▸ **What to produce**
Only the lines from the one with "Костюм состоит из" through the last line of the data below are to be duplicated, exactly and without pictures.

▸ **Input data**

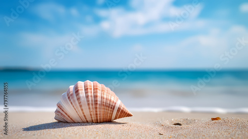 beach, shell, closeup, blue skies, ocean, summer getaway, nature, sand, calmness, advertising, product, business, shooting, e-business, publicity, marketing, promotion, empty, poster, art, copy space, photo, background, illustration, theme
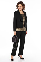 Костюм состоит из жакета и брюк. Жакет без подкладки прямого силуэта, с двубортной застежкой на петли-пуговицы, длиной до середины бедра. Перед жакета с нагрудными вытачками, в области груди расположена декоративная листочка и нашивка. Спинка с двойной кокеткой, в шве притачивания которой обработана встречная складка. Низ жакета фигурный, с закруглениями по боковым швам. Рукава двушовные, длиной  3/4, по низу с манжетой, застегивающейся на петлю и пуговицу. Горловина оформлена воротником пиджачного типа.  Брюки классической формы, прямые от линии бедер, со стрелками по передним и задним половинкам. Верхний срез обработан поясом, в который от бокового шва вставлена резинка по задним половинкам. В боковых швах обработаны наклонные карманы. На задних половинках расположены талиевые вытачки. В комплект входит пояс из основной ткани с декоративной пряжкой.
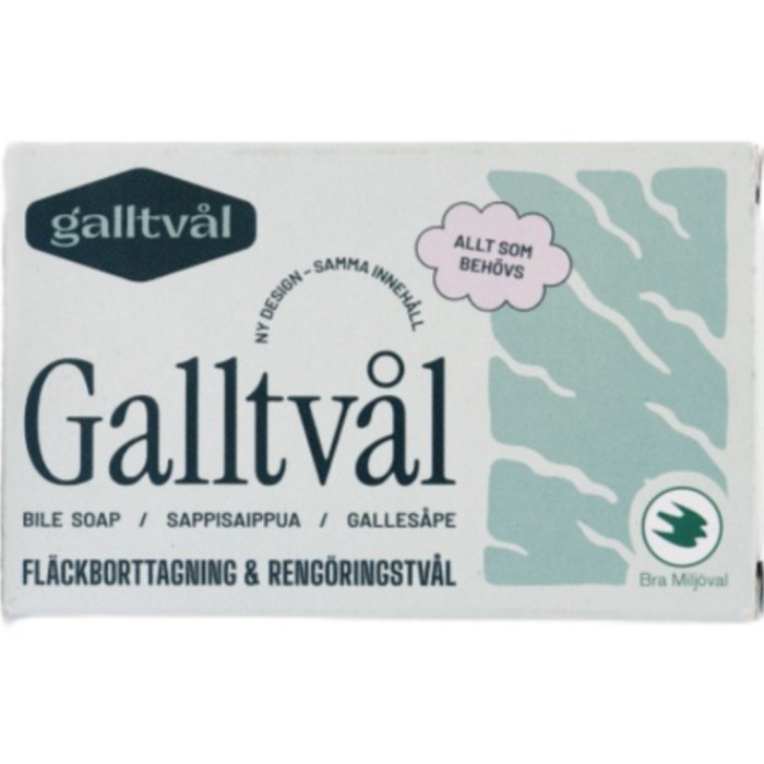Galltvåls fasta rengörings- och fläckborttagningstvål är en smidig tvål för all sorts rengöring. Galltvålen innehåller bland annat oxgalla och klorofyll som är effektiva mot olja, fett, fläckar från gräs, bär, frukt och grönsaker. Denna fasta tvål innehåller inga kemikalier, utan endast naturliga ämnen och är även biologiskt nedbrytbar. Oxgalla är ett beprövat, naturligt ämne för att få bort fettfläckar från plagg.

▸ **Answer to the exercise**
 Костюм состоит из жакета и брюк. Жакет без подкладки прямого силуэта, с двубортной застежкой на петли-пуговицы, длиной до середины бедра. Перед жакета с нагрудными вытачками, в области груди расположена декоративная листочка и нашивка. Спинка с двойной кокеткой, в шве притачивания которой обработана встречная складка. Низ жакета фигурный, с закруглениями по боковым швам. Рукава двушовные, длиной  3/4, по низу с манжетой, застегивающейся на петлю и пуговицу. Горловина оформлена воротником пиджачного типа.  Брюки классической формы, прямые от линии бедер, со стрелками по передним и задним половинкам. Верхний срез обработан поясом, в который от бокового шва вставлена резинка по задним половинкам. В боковых швах обработаны наклонные карманы. На задних половинках расположены талиевые вытачки. В комплект входит пояс из основной ткани с декоративной пряжкой.
Galltvåls fasta rengörings- och fläckborttagningstvål är en smidig tvål för all sorts rengöring. Galltvålen innehåller bland annat oxgalla och klorofyll som är effektiva mot olja, fett, fläckar från gräs, bär, frukt och grönsaker. Denna fasta tvål innehåller inga kemikalier, utan endast naturliga ämnen och är även biologiskt nedbrytbar. Oxgalla är ett beprövat, naturligt ämne för att få bort fettfläckar från plagg.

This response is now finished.